> **Work item**: Only the pictures are to be left out; the listing itself is repeated exactly.

> **Recorded information**:
● ● ● ● ● ● ●

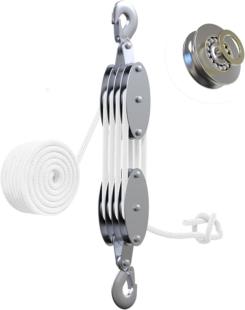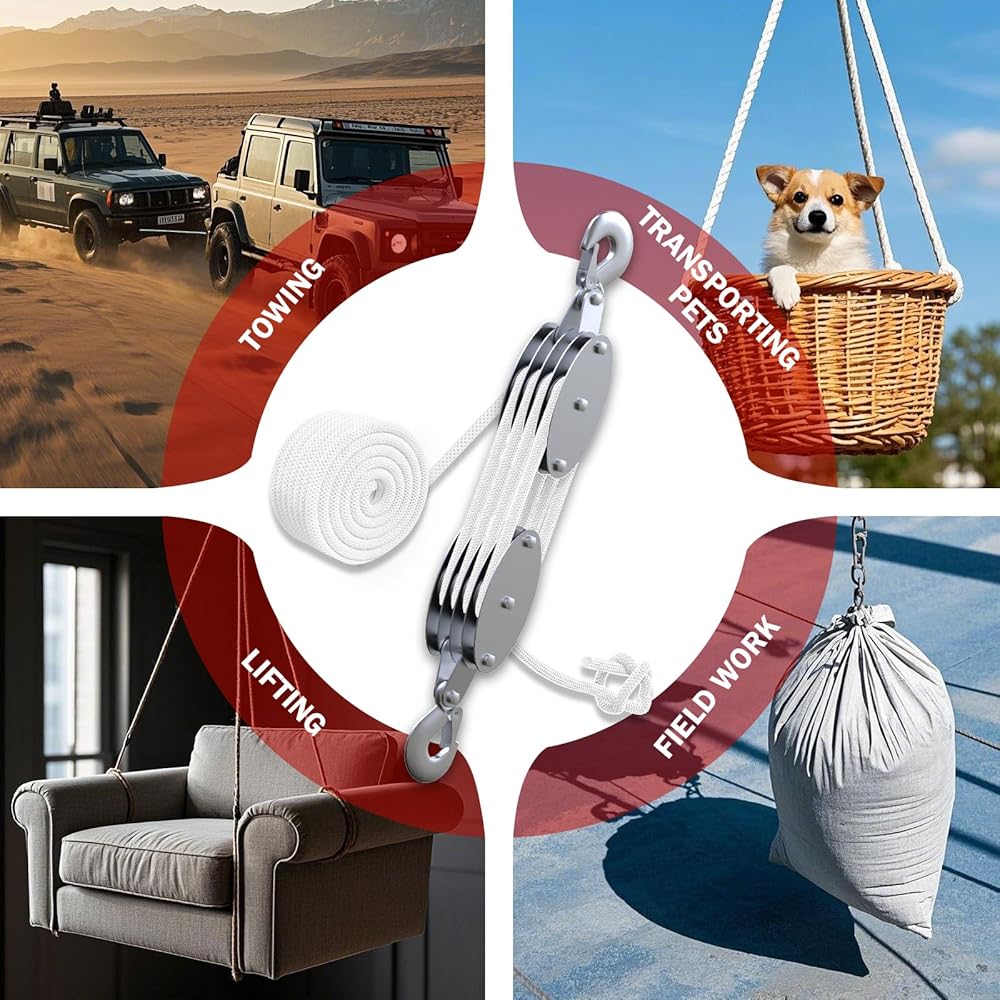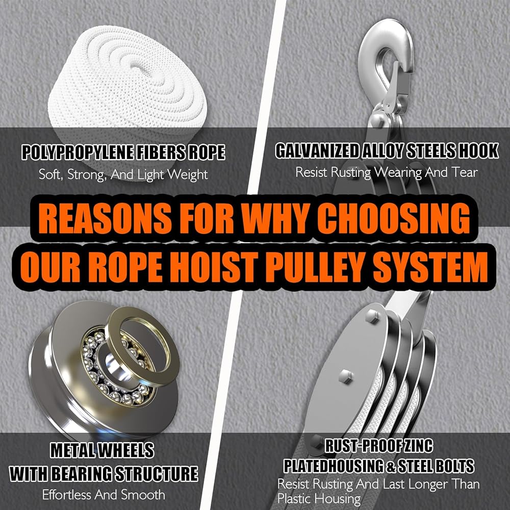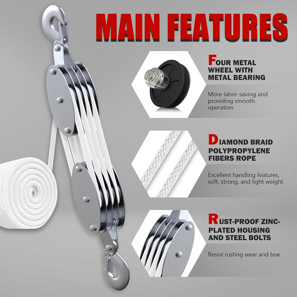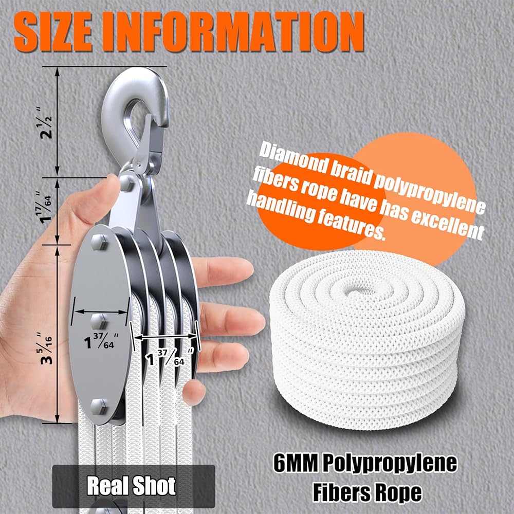 【4400LBS CAPACITY】:This block and tackle pulley system assed 1.25 times the rated load tensile test and 2T rated load tensile test, and made of durable pulley and poly rope with 4400 lbs breaking strength for sturdy and smooth operation; You can lift both heavy and light stuff with this heavy-duty pulley
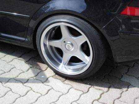 Letzte Saison hatte ich hinten auf 9,5J 18 zoll 275er Reifen und vorne auf der 8,5J 245er Reifen, das sah sehr gut aus und auch wirklich breit, nicht so Pseudo-breit weil die Felge um einiges breiter als der Reifen ist...
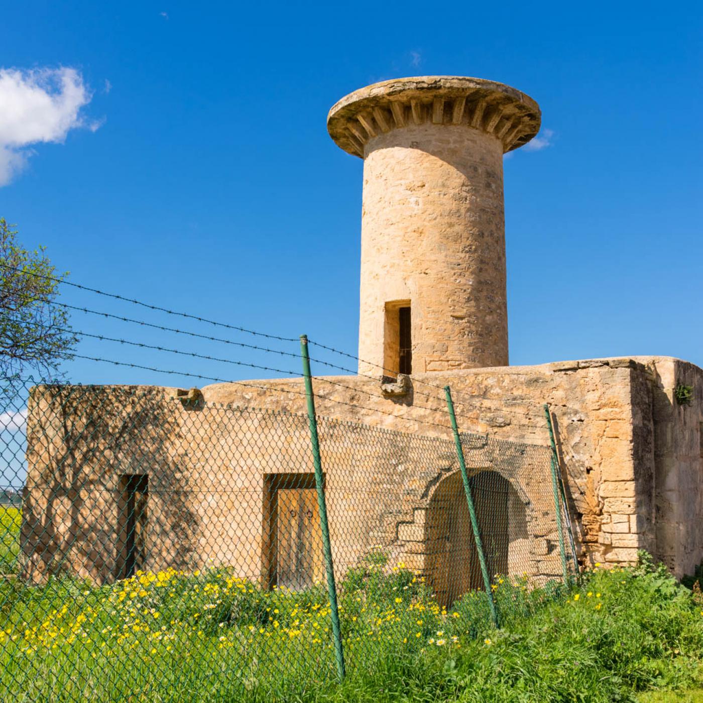 El molino de Can Reviu es uno de los más emblemáticos de todo el Pla de Sant Jordi, ubicado en lo que es el área de AENA. Se trata de un molino aguador, construido seguramente en el siglo XIX, con el fin de desecar esta antigua zona húmeda.
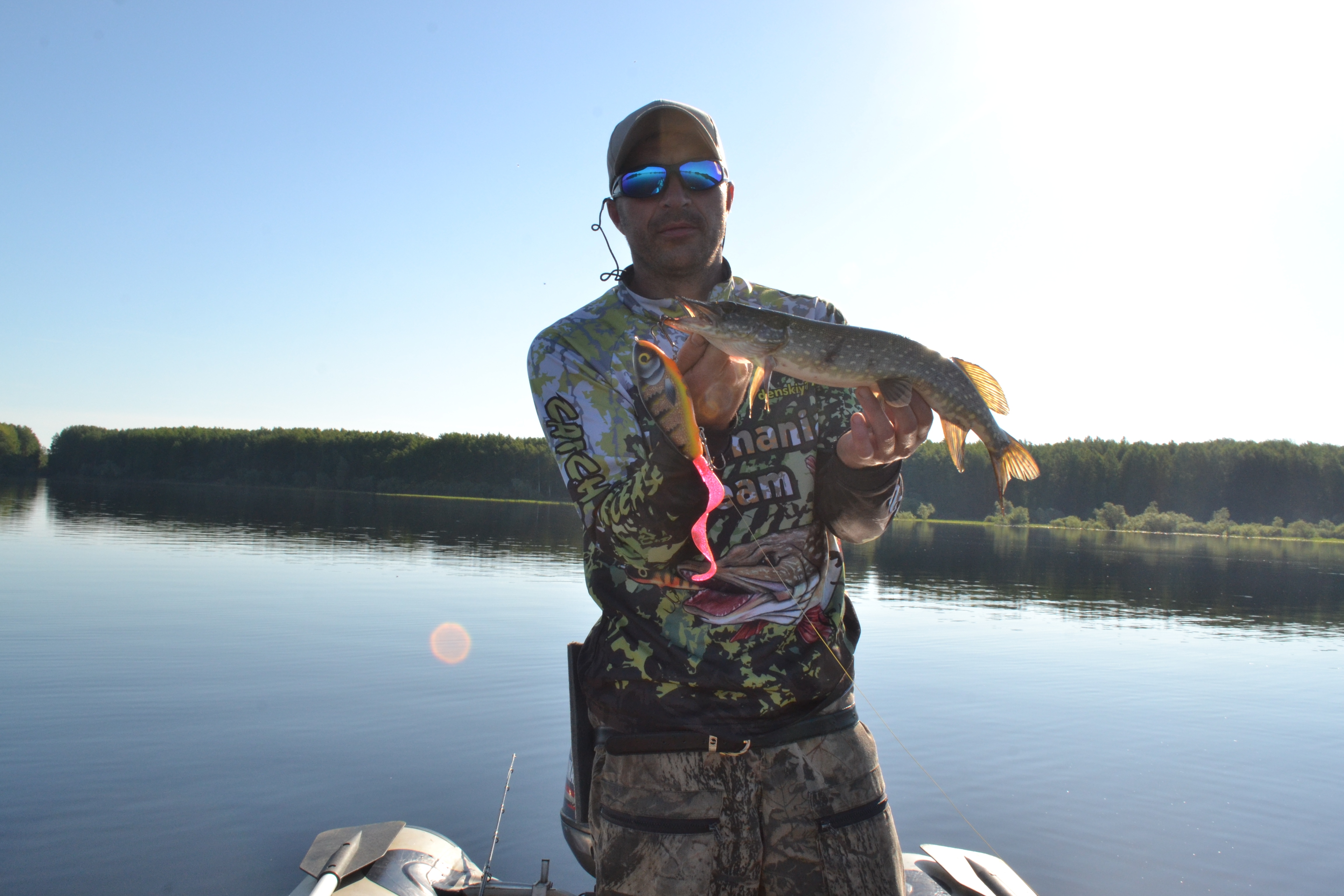 Выспавшись, поев, и выпив чашечку кофе с молоком, я с папой выплыли рыбачить, не прошло и 15 минут как я обловил подарочного джерка (Петр еще раз спасибо) И после этой щуки до обеда было еще пару поклевок, но они не принесли самих щук, зато у папы хорошо поклевало.

● ● ● ● ● ● ●

> **Written solution**:
 【4400LBS CAPACITY】:This block and tackle pulley system assed 1.25 times the rated load tensile test and 2T rated load tensile test, and made of durable pulley and poly rope with 4400 lbs breaking strength for sturdy and smooth operation; You can lift both heavy and light stuff with this heavy-duty pulley
 Letzte Saison hatte ich hinten auf 9,5J 18 zoll 275er Reifen und vorne auf der 8,5J 245er Reifen, das sah sehr gut aus und auch wirklich breit, nicht so Pseudo-breit weil die Felge um einiges breiter als der Reifen ist...
 El molino de Can Reviu es uno de los más emblemáticos de todo el Pla de Sant Jordi, ubicado en lo que es el área de AENA. Se trata de un molino aguador, construido seguramente en el siglo XIX, con el fin de desecar esta antigua zona húmeda.
 Выспавшись, поев, и выпив чашечку кофе с молоком, я с папой выплыли рыбачить, не прошло и 15 минут как я обловил подарочного джерка (Петр еще раз спасибо) И после этой щуки до обеда было еще пару поклевок, но они не принесли самих щук, зато у папы хорошо поклевало.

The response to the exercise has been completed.